Task to complete:
Exactly and only the lines from the one with "06:04:01Die Kommunikation innerhalb" through the last line of the records need to be set down; please skip the pictures.
#####
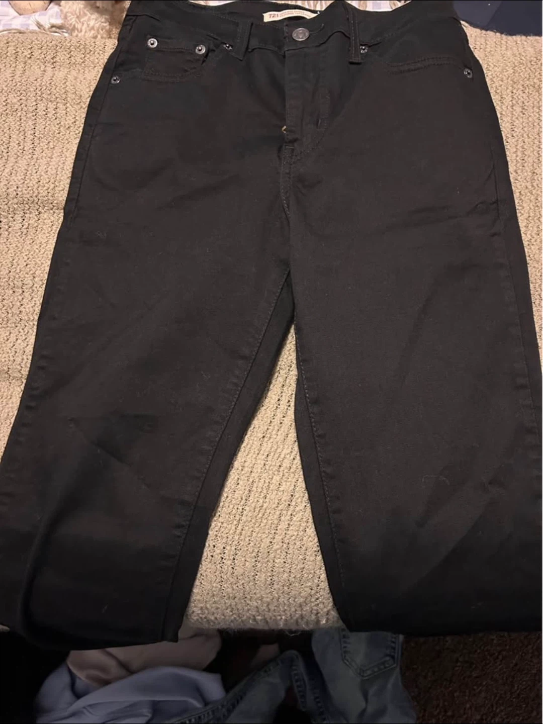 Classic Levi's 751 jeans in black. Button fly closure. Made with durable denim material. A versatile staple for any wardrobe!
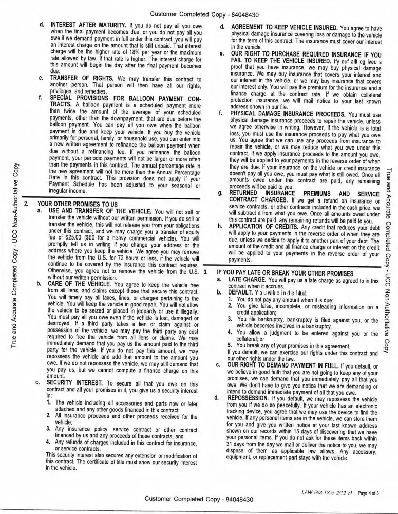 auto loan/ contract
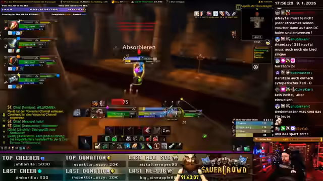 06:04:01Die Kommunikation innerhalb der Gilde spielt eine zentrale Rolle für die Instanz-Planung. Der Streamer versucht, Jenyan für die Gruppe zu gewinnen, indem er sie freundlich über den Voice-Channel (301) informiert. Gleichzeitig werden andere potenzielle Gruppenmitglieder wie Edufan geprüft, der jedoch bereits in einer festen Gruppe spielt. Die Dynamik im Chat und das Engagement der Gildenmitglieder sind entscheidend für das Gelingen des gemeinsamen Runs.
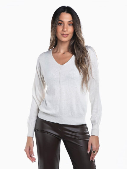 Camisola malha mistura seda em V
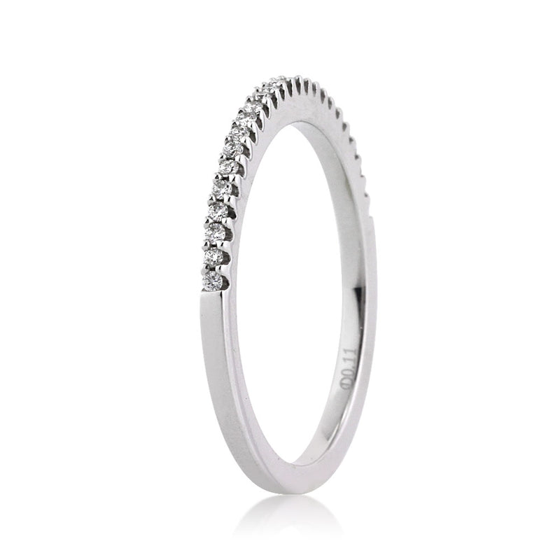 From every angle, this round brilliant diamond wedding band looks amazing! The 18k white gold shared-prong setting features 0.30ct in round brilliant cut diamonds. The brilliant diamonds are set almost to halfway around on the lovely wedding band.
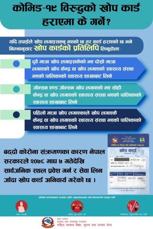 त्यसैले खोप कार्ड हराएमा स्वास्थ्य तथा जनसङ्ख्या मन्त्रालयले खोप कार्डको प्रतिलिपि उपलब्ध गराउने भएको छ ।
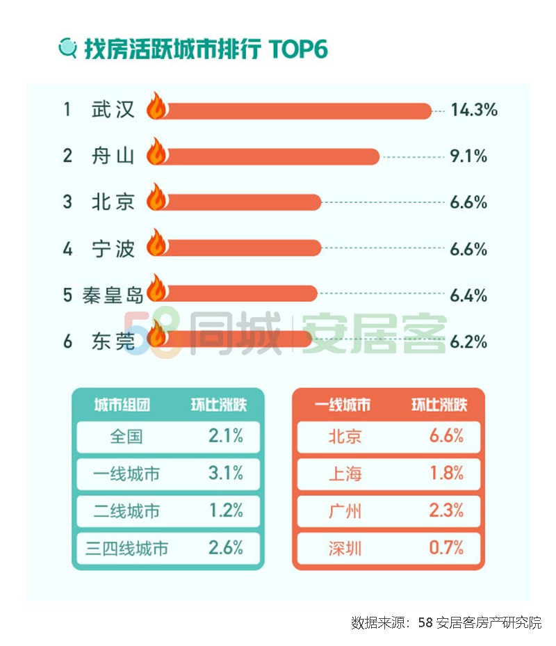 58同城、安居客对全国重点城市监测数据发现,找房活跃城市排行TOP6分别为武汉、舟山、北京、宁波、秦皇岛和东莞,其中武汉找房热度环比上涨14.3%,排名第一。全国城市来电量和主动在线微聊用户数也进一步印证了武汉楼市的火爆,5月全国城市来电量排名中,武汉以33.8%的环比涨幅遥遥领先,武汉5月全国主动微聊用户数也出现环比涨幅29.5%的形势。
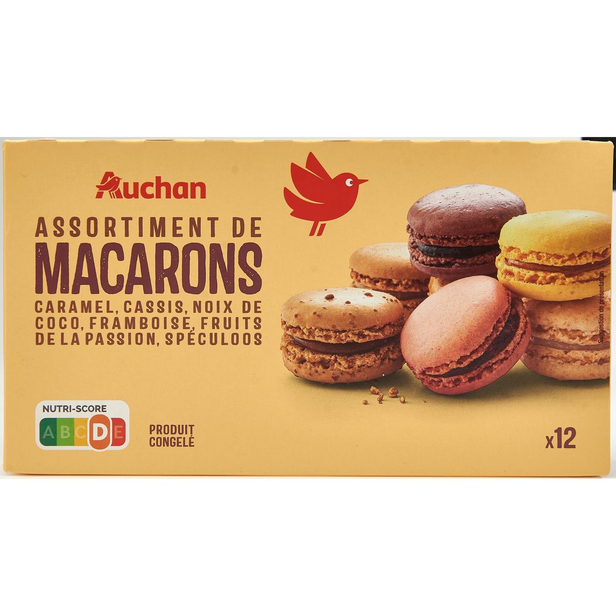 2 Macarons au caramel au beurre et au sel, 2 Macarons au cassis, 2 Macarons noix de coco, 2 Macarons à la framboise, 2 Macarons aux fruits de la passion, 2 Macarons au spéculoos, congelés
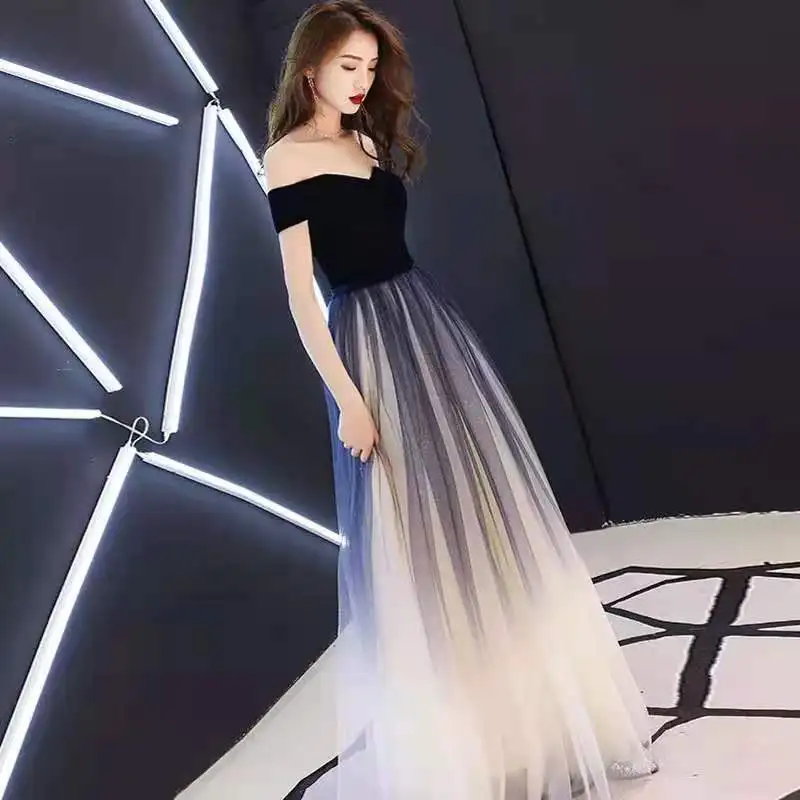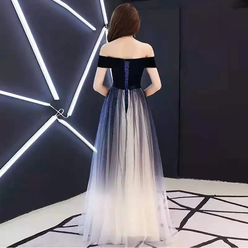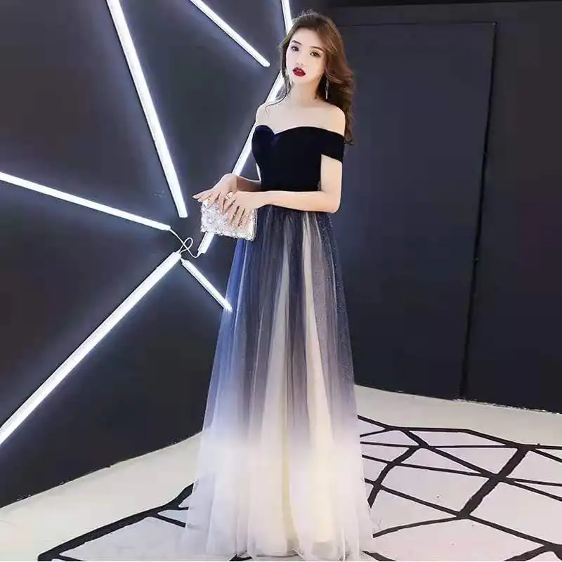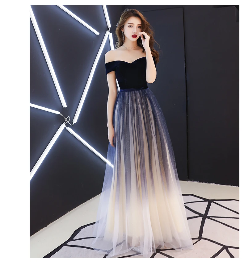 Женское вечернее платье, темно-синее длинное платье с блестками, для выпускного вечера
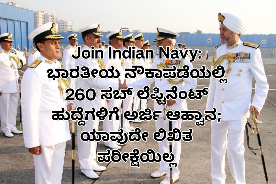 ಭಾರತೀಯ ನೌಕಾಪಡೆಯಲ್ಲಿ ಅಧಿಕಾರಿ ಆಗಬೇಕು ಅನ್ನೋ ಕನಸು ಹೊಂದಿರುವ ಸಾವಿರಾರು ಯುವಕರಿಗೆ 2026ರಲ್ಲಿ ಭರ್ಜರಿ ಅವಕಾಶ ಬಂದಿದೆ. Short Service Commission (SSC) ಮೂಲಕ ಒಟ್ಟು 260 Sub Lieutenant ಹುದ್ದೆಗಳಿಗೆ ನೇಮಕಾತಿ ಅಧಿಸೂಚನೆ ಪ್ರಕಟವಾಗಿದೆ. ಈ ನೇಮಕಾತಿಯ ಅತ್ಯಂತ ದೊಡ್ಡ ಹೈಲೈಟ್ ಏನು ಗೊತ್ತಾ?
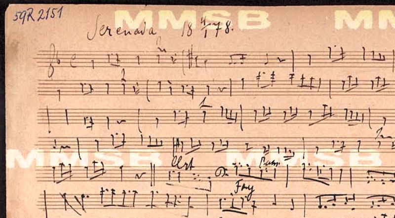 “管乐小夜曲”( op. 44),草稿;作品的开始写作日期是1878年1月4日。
#####
Response below:
 06:04:01Die Kommunikation innerhalb der Gilde spielt eine zentrale Rolle für die Instanz-Planung. Der Streamer versucht, Jenyan für die Gruppe zu gewinnen, indem er sie freundlich über den Voice-Channel (301) informiert. Gleichzeitig werden andere potenzielle Gruppenmitglieder wie Edufan geprüft, der jedoch bereits in einer festen Gruppe spielt. Die Dynamik im Chat und das Engagement der Gildenmitglieder sind entscheidend für das Gelingen des gemeinsamen Runs.
 Camisola malha mistura seda em V
 From every angle, this round brilliant diamond wedding band looks amazing! The 18k white gold shared-prong setting features 0.30ct in round brilliant cut diamonds. The brilliant diamonds are set almost to halfway around on the lovely wedding band.
 त्यसैले खोप कार्ड हराएमा स्वास्थ्य तथा जनसङ्ख्या मन्त्रालयले खोप कार्डको प्रतिलिपि उपलब्ध गराउने भएको छ ।
 58同城、安居客对全国重点城市监测数据发现,找房活跃城市排行TOP6分别为武汉、舟山、北京、宁波、秦皇岛和东莞,其中武汉找房热度环比上涨14.3%,排名第一。全国城市来电量和主动在线微聊用户数也进一步印证了武汉楼市的火爆,5月全国城市来电量排名中,武汉以33.8%的环比涨幅遥遥领先,武汉5月全国主动微聊用户数也出现环比涨幅29.5%的形势。
 2 Macarons au caramel au beurre et au sel, 2 Macarons au cassis, 2 Macarons noix de coco, 2 Macarons à la framboise, 2 Macarons aux fruits de la passion, 2 Macarons au spéculoos, congelés
 Женское вечернее платье, темно-синее длинное платье с блестками, для выпускного вечера
 ಭಾರತೀಯ ನೌಕಾಪಡೆಯಲ್ಲಿ ಅಧಿಕಾರಿ ಆಗಬೇಕು ಅನ್ನೋ ಕನಸು ಹೊಂದಿರುವ ಸಾವಿರಾರು ಯುವಕರಿಗೆ 2026ರಲ್ಲಿ ಭರ್ಜರಿ ಅವಕಾಶ ಬಂದಿದೆ. Short Service Commission (SSC) ಮೂಲಕ ಒಟ್ಟು 260 Sub Lieutenant ಹುದ್ದೆಗಳಿಗೆ ನೇಮಕಾತಿ ಅಧಿಸೂಚನೆ ಪ್ರಕಟವಾಗಿದೆ. ಈ ನೇಮಕಾತಿಯ ಅತ್ಯಂತ ದೊಡ್ಡ ಹೈಲೈಟ್ ಏನು ಗೊತ್ತಾ?
 “管乐小夜曲”( op. 44),草稿;作品的开始写作日期是1878年1月4日。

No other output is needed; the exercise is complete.